Sivakasi: Tale of two teen boys who helped build cracker hub from scratch in this erstwhile nowhere town

By the time they reached their teen, the boys were convinced of one thing: Their village was too small for their big dreams.
Around 2 lakh persons are directly employed in the firecracker sector of Sivakasi. (Photo | K K Sundar, EPS)
Around 2 lakh persons are directly employed in the firecracker sector of Sivakasi. (Photo | K K Sundar, EPS)

VIRUDHUNAGAR: When looked from an elevation on a summer day, Sivakasi village itself might seem to be boiling. The village was said to have been under the grip of a famine too.

It was in this village of unforgiving nature that A Shanmuga Nadar and P Ayya Nadar were born in 1903 and 1905 respectively to two brothers. By the time they reached their teen, the boys were convinced of one thing: Their village was too small for their big dreams.

However, instead of searching for greener pastures, the boys decided to make their own village ‘greener’, an irony that would slowly envelop the village over time.

The brothers did not have to wait for long for an opportunity to realise it.
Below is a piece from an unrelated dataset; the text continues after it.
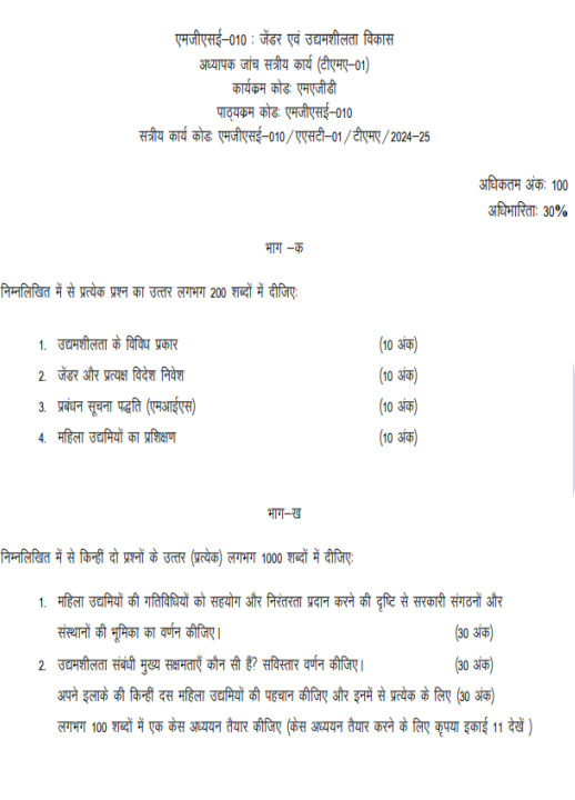 MGSE 010 IGNOU Solved Assignments 2024-25 (Hindi) PDF Download – IGNOU Galaxy
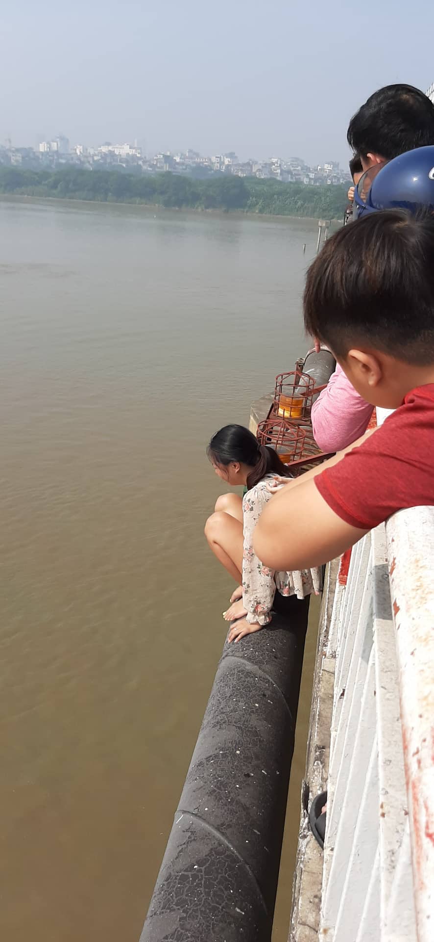 Khoảng 9h15 sáng 5/10, tại nhịp số 10, cầu Chương Dương, Hà Nội, một phụ nữ bỏ lại con nhỏ ỏ thành cầu Chương Dương rồi bất ngờ trèo qua la can cầu ngồi khóc lóc.

It all started with news from Calcutta (today’s Kolkata), a city already teeming with numerous factories. The cousins were teenagers when they heard about a new industry in that far-away city: Matchstick manufacturing.

They listened with avid interest as their relative Chinna Nadar told them about the potential it has.

The cousins could not dismiss the news as tall tales. In their indefatigable minds, a grand plan was already in the making.

Armed with a few rupees and fewer Bengali words, the boys set out on their journey to the pre-independence West Bengal in 1922. After much struggle, they landed jobs in a matchstick-manufacturing unit in Calcutta.

To their dismay, however, they were put in the packaging section; they had no means to learn the art. But as luck would have it, they chanced upon a register that kept the record of the quantity of chemicals used on a given day. From this, they worked out the composition of the fast-burning powder.

Sivakasi to Calcutta, a journey beyond big

After eight months in Calcutta, the duo returned to their village and established the first match-works unit in Sivakasi in 1923. They had even imported a machine from Germany to fully automate the process.

However, the youth soon realised the advantage of turning their unit into a cottage industry using the large labour force readily available in their village.

They sold the machine, broke down the process into several stages, and trained their first batch of employees.

Their decision laid the foundation for Sivakasi as an industrial town.

The similarity between matchstick and firecracker manufacturing prompted them to set out on their second trip to Calcutta in the 1930s to learn the nitty-gritty of cracker making, said Ashokan, an industrialist from the town.

“They established the first cracker unit in Sivakasi soon after their return,” he added.

Their unit was able to churn out crackers cheaply, an advantage the cottage industry had over mechanised one.

The domestic cracker industry was given a shot in the arm when the Government of India restricted the import of explosives during the Second World War.

With the end of the war came Independence and resumption of raw material supply, spurring the industry to grow even bigger.

Riding on the hard work of Sivakasi workers and the steady demand from across an independent India, the cracker and match-stick manufacturing in the town boomed over the next several decades.

It is said that Jawaharlal Nehru once likened the industrious people of Sivakasi to those of Japan and called the town ‘Kutty Japan’.

However, the industry is now staring into a bleak future. Unit owners said the bans on crackers by many States and courts during the festival season, with pollution cited as a reason, have snuffed out the spirit of manufacturers, dealers, traders, and labourers.